See my new header? You like it? Blog's back to its clean and simple look and I'm loving it. I love how photos, mostly Pia's, can put colors on this site. That's one of my blogging promises (to myself and this blog's readers) that I hope I can keep — take better photographs. As a starter, my point and shoot's not kept and its battery's always charged. It's placed somewhere where I can easily grab it whenever I see something photogenic. Second blogging promise would be to never forget to write about our family's special moments, such as birthdays, wedding anniversaries, trips and laugh-worthy stories. Down my blogging journey, I knew and felt that apart from sharing with you the life I have and lessons I learned, with the hope of inspiring and helping my readers, this is my online diary. This is where I can easily go back to memories. And I do that especially when I miss my husband or when I think I'm failing this so-called parenting thing. My own past posts are empowering me to go ahead and move along. To stay happy is my third and last promise. It's easier said than done, I know. I also know that I told you before that I will keep it real in this blog. Newsflash! Being real doesn't mean you have to be sad, controversial and too public. 
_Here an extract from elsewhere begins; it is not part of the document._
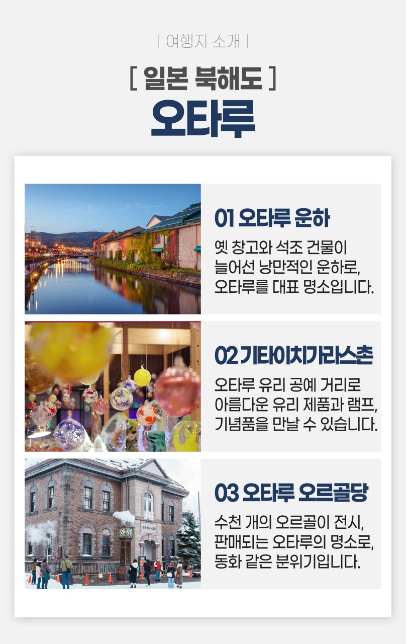 운하 바로 옆의 사카이마치 거리에서 오르골당, 유리 공방, 디저트 샵(르타오 등)을 묶어서 방문하는 코스를 추천합니다.

I'm aware of some people who don't like bloggers, who post nothing but beauty. I get them, totally. In fact, I get jealous of those bloggers. They're gorgeous, they wear the nicest clothes, they eat the finest food and what, they travel a lot. It's easy to say that maybe when you strip off their signatured clothes, they are actually miserable people at home. That's judging and it's not right. Perhaps, these bloggers only want to share sweet vibes with their readers. And I'd love to take that road where they traveled. You see, the more you post negativity, the more you attract toxic people hiding behind animosity. Sure, it makes one feel she's reached that certain level of fame when she gets to receive haters' comments. Oh well. I'd rather be a nobody than piss people off, really. At this phase, I'm not craving for attention anymore. I don't need too many friends. I'm fine with spa dates and practical gifts. Gone are those days of pretense and fake satisfaction. I can count my friends with my fingers (in one hand?) but I know I can count on them. Cheers if I can count on you. That means we're friends.

Happy 2015! But wait, as my royal reader, what do you want to read and see here?